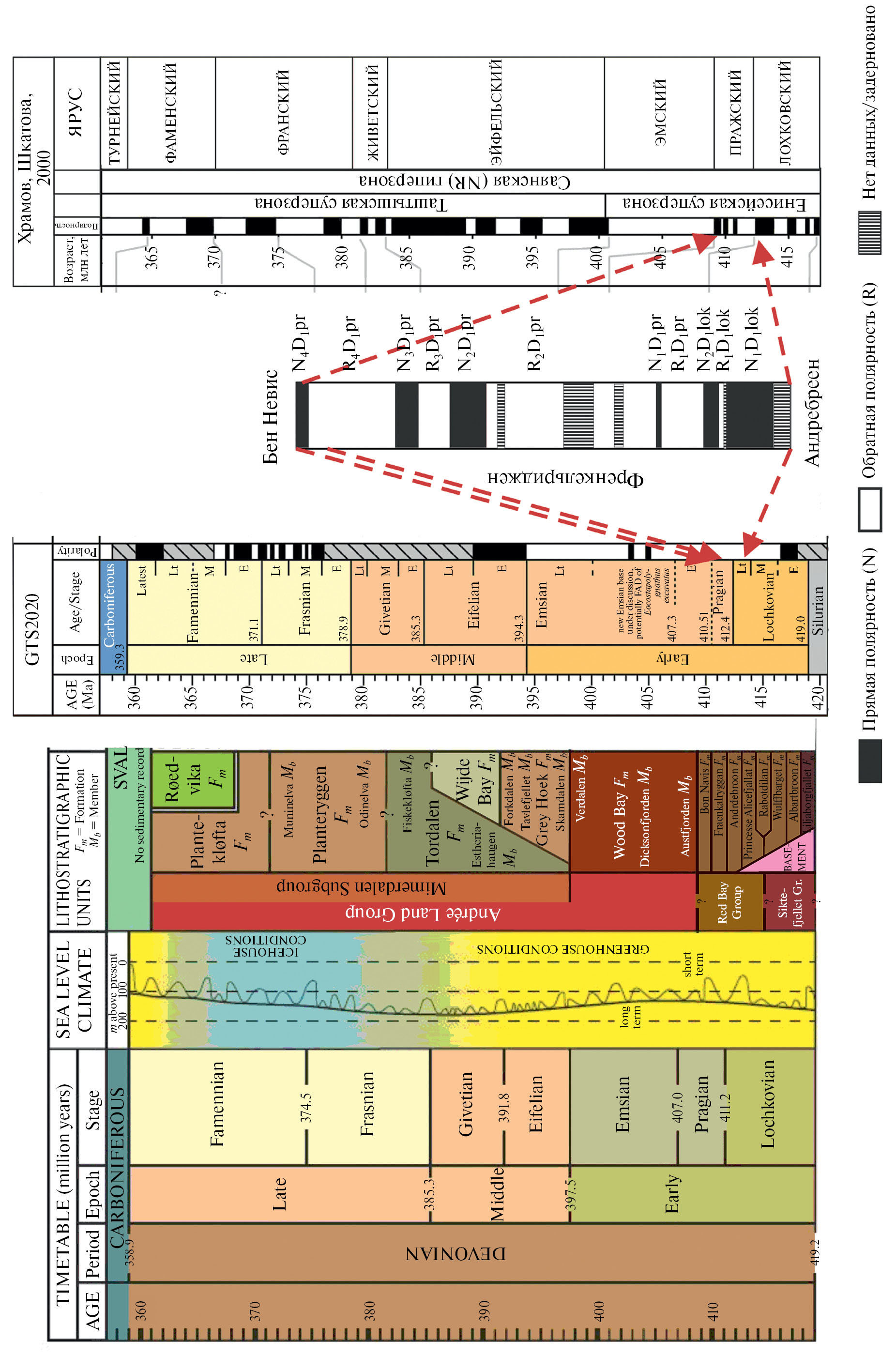 Рис. 8. Корреляция выделенных магнитозон по свите Френкельриджен с общей магнитостратиграфической шкалой. Слева направо: положение серии Ред Бей по отношению к общей стратиграфической шкале [Geoscience Atlas..., 2015 (рисунок модифицирован после [Blomeier et al.,2003]); магнитостратиграфическая шкала девонского периода GTS2020; магнитозоны для свиты Френкельриджен и для зоны контакта со свитой Андребреен, полученные в данной работе, дополненные данными по свите Бен Невис [Иосифиди, 2015]; магнитостратиграфическая шкала 2000 [Храмов, Шкатова, 2000]. Возможная корреляция выделенных магнитозон, показана красными стрелками.
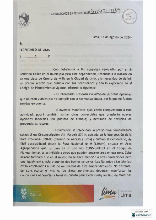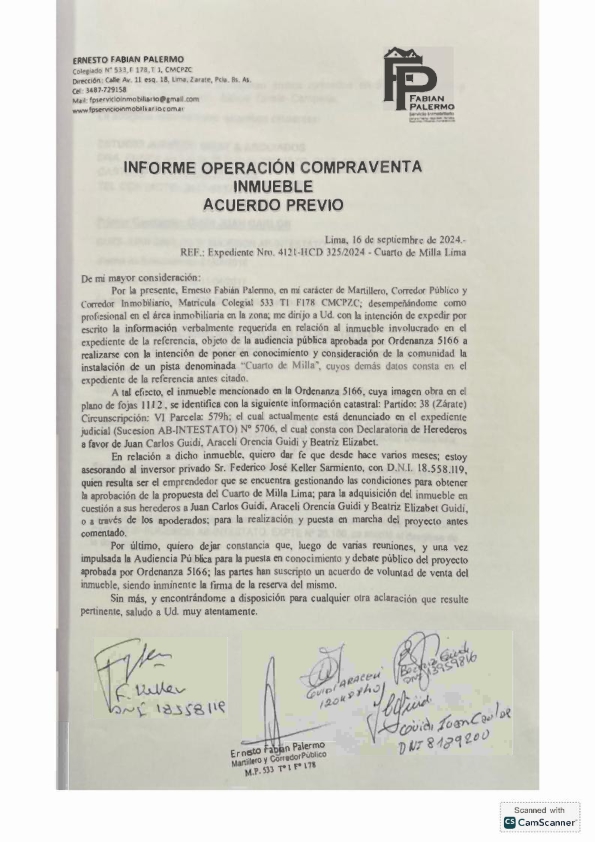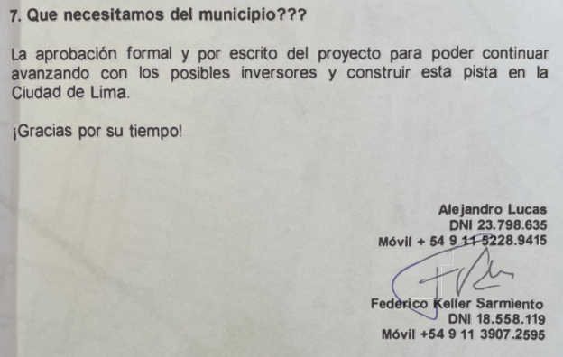 Pero más curioso es que la Ordenanza de llamado a la Audiencia Pública se sancionó el 5 de septiembre, y se mencionaba que existía ya un pre acuerdo para la compra del terreno, y con la publicación del Expediente nos enteramos que el pre acuerdo solo se efectuó 11 días después de la sanción de la Ordenanza. De hecho el martillero involucrado, Fabián Palermo lo expone en un escrito donde afirma ‘quiero dar fe que desde hace varios meses; estoy asesorando al inversor privado Sr. Federico José Keller Sarmiento, con D.N.I. 18.558.119, quien resulta ser el emprendedor que se encuentra gestionando las condiciones para obtener la aprobación de la propuesta del Cuarto de Milla Lima; para la adquisición del inmueble en cuestión a sus herederos Juan Carlos Guidi, Araceli Orencia Guidi y Beatriz Elizabet Guidi o a través de los apoderados; para la realización y puesta en marcha del proyecto antes comentado.
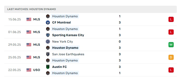 • Phong độ gần đây Houston Dynamo
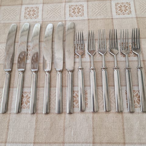 Rachmann & Co aterinsetti metallia. Settiin kuuluu veitsiä ja haarukoita, jotka on pakattu kangasvuorattuun koteloon. Aterimet ovat metallia ja niissä on kaiverrettu valmistajan merkintä terässä. Soveltuu ruokailuun tai kattaukseen useammalle henkilölle. Kotelon sisus on vaaleaa kangasta, joka pitää aterimet paikoillaan säilytyksen ja kuljetuksen aikana.
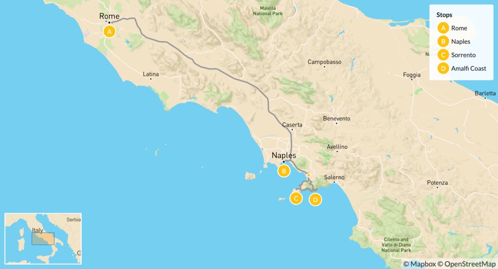Map of Rome, Naples & the Amalfi Coast – 12 Days
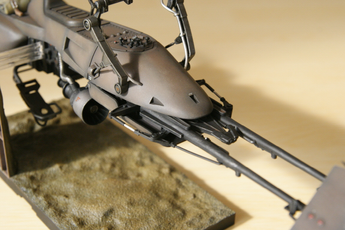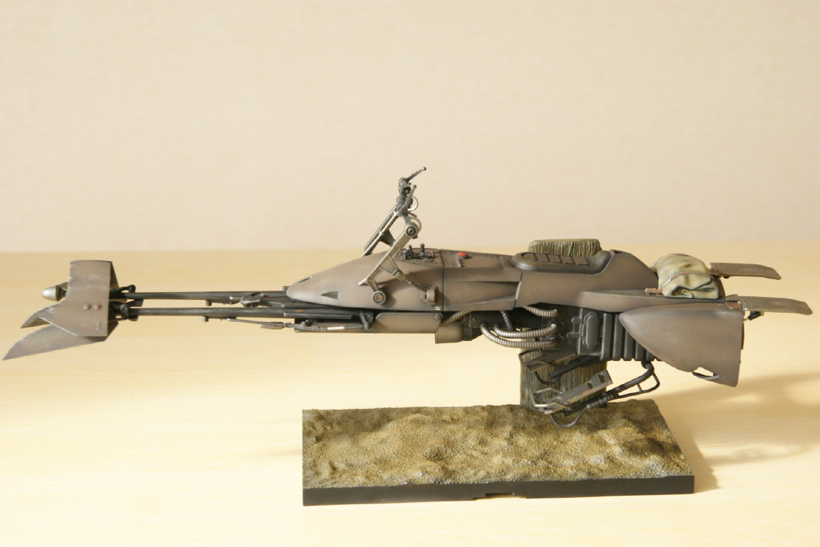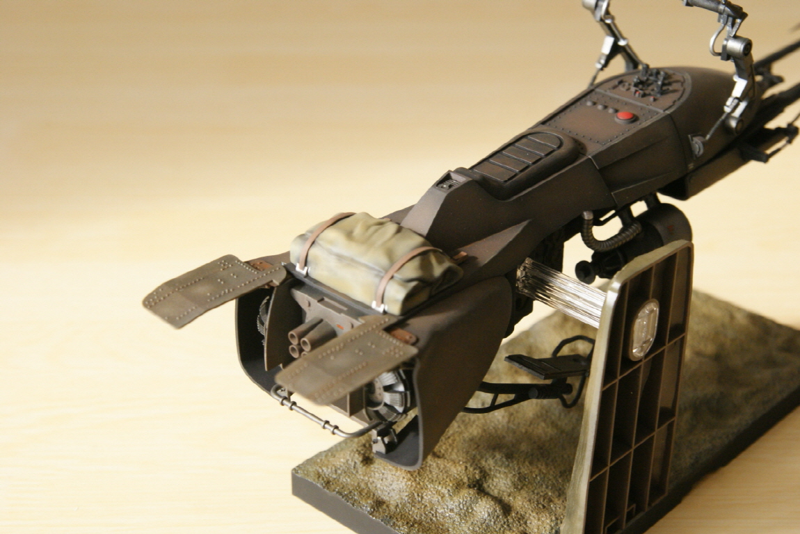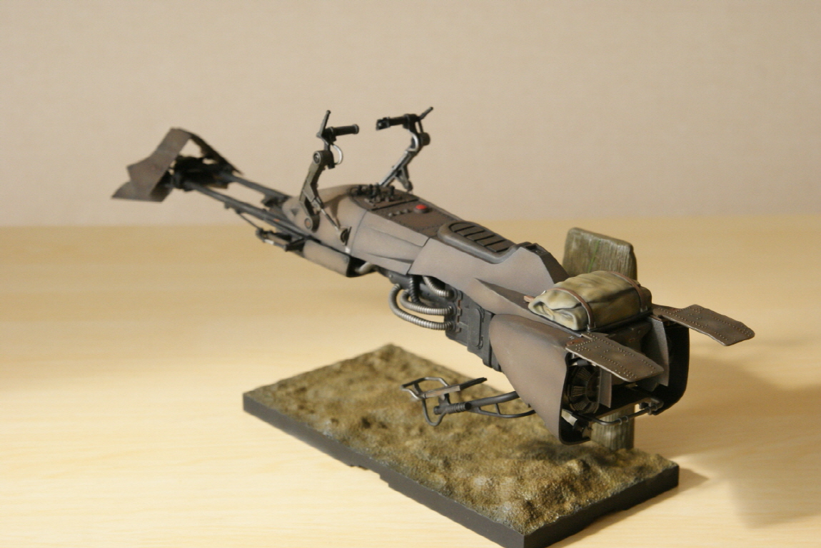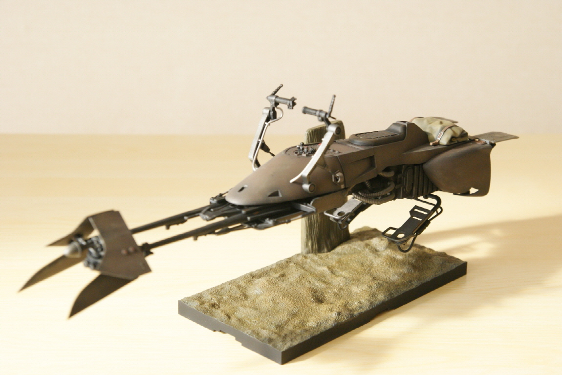 반다이 프라스틱은 에나멜 신너 접촉시 부스러지는 웨더링(특히 워싱)만 조심하면 큰 스트레스 없이 만들수 있습니다. 건프라 보다는 접합선 등의 신경쓰이는 부분이 있으나 영화느낌 생각하며 만들면 나와준것이 감사하다는 생각입니다. 스크롤 내리면 스피더 바이크도 있으니 즐겁게 봐 주세요^^.
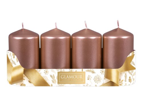 Sada adventních svíček. Mají tvar válce a povrch mají hladký, v úpravě metalický lesk. Jsou jednoduché a zároveň velmi efektní. Doba hoření: 30 hodin. Rozměr: průměr 5 cm, výška 9 cm. Balení obsahuje 4 ks svíček. Barva: růžovo-zlatá.
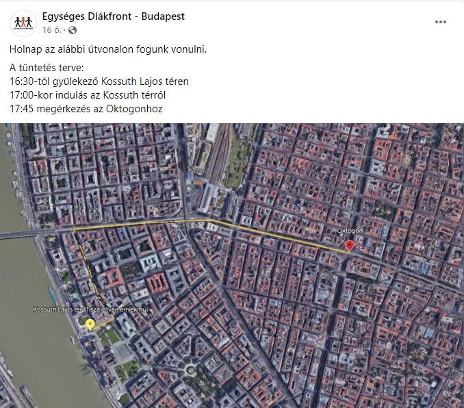 Fél 5-től gyülekeznek a Parlamentnél, ötkor indulnak az Oktogon felé, ahová háromnegyed 6-kor érkeznek.
————
*TASK GOAL:*
Each entry must be reproduced word for word, and any image among them left out.

*ANSWER SECTION:*
 Рис. 8. Корреляция выделенных магнитозон по свите Френкельриджен с общей магнитостратиграфической шкалой. Слева направо: положение серии Ред Бей по отношению к общей стратиграфической шкале [Geoscience Atlas..., 2015 (рисунок модифицирован после [Blomeier et al.,2003]); магнитостратиграфическая шкала девонского периода GTS2020; магнитозоны для свиты Френкельриджен и для зоны контакта со свитой Андребреен, полученные в данной работе, дополненные данными по свите Бен Невис [Иосифиди, 2015]; магнитостратиграфическая шкала 2000 [Храмов, Шкатова, 2000]. Возможная корреляция выделенных магнитозон, показана красными стрелками.
 Pero más curioso es que la Ordenanza de llamado a la Audiencia Pública se sancionó el 5 de septiembre, y se mencionaba que existía ya un pre acuerdo para la compra del terreno, y con la publicación del Expediente nos enteramos que el pre acuerdo solo se efectuó 11 días después de la sanción de la Ordenanza. De hecho el martillero involucrado, Fabián Palermo lo expone en un escrito donde afirma ‘quiero dar fe que desde hace varios meses; estoy asesorando al inversor privado Sr. Federico José Keller Sarmiento, con D.N.I. 18.558.119, quien resulta ser el emprendedor que se encuentra gestionando las condiciones para obtener la aprobación de la propuesta del Cuarto de Milla Lima; para la adquisición del inmueble en cuestión a sus herederos Juan Carlos Guidi, Araceli Orencia Guidi y Beatriz Elizabet Guidi o a través de los apoderados; para la realización y puesta en marcha del proyecto antes comentado.
 • Phong độ gần đây Houston Dynamo
 Rachmann & Co aterinsetti metallia. Settiin kuuluu veitsiä ja haarukoita, jotka on pakattu kangasvuorattuun koteloon. Aterimet ovat metallia ja niissä on kaiverrettu valmistajan merkintä terässä. Soveltuu ruokailuun tai kattaukseen useammalle henkilölle. Kotelon sisus on vaaleaa kangasta, joka pitää aterimet paikoillaan säilytyksen ja kuljetuksen aikana.
Map of Rome, Naples & the Amalfi Coast – 12 Days
 반다이 프라스틱은 에나멜 신너 접촉시 부스러지는 웨더링(특히 워싱)만 조심하면 큰 스트레스 없이 만들수 있습니다. 건프라 보다는 접합선 등의 신경쓰이는 부분이 있으나 영화느낌 생각하며 만들면 나와준것이 감사하다는 생각입니다. 스크롤 내리면 스피더 바이크도 있으니 즐겁게 봐 주세요^^.
 Sada adventních svíček. Mají tvar válce a povrch mají hladký, v úpravě metalický lesk. Jsou jednoduché a zároveň velmi efektní. Doba hoření: 30 hodin. Rozměr: průměr 5 cm, výška 9 cm. Balení obsahuje 4 ks svíček. Barva: růžovo-zlatá.
 Fél 5-től gyülekeznek a Parlamentnél, ötkor indulnak az Oktogon felé, ahová háromnegyed 6-kor érkeznek.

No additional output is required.